Today, the earth planet suffers from the decay of active pandemic COVID-19 which motivates scientists and researchers to detect and diagnose the infected people. Chest X-ray (CXR) image is a common utility tool for detection. Even the CXR suffers from low informative details about COVID-19 patches; the computer vision helps to overcome it through grayscale spatial exploitation analysis. In turn, it is highly recommended to acquire more CXR images to increase the capacity and ability to learn for mining the grayscale spatial exploitation. In this paper, an efficient Gray-scale Spatial Exploitation Net (GSEN) is designed by employing web pages crawling across cloud computing environments.
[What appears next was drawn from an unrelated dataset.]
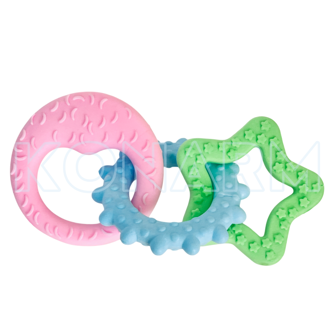 Tres veces más diversión: muerde, juega y cuida sus dientes con un solo mordedor.
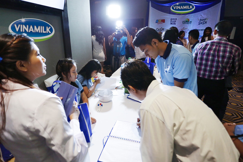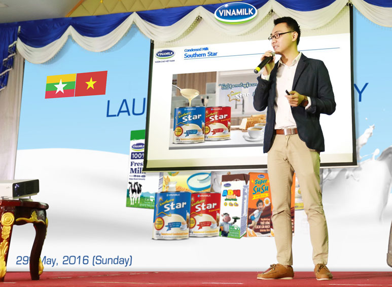 Vinamilk的国际营销部门代表正在向缅甸的消费者,媒体和合作伙伴介绍Vinamilk的多样化优质奶制品。

The motivation of this work are i) utilizing a framework methodology for constructing consistent dataset by web crawling to update the dataset continuously per crawling iteration; ii) designing lightweight, fast learning, comparable accuracy, and fine-tuned parameters gray-scale spatial exploitation deep neural net; iii) comprehensive evaluation of the designed gray-scale spatial exploitation net for different collected dataset(s) based on web COVID-19 crawling verse the transfer learning of the pre-trained nets. Different experiments have been performed for benchmarking both the proposed web crawling framework methodology and the designed gray-scale spatial exploitation net. Due to the accuracy metric, the proposed net achieves 95.60% for two-class labels, and 92.67% for three-class labels, respectively compared with the most recent transfer learning Google-Net, VGG-19, Res-Net 50, and Alex-Net approaches. Furthermore, web crawling utilizes the accuracy rates improvement in a positive relationship to the cardinality of crawled CXR dataset.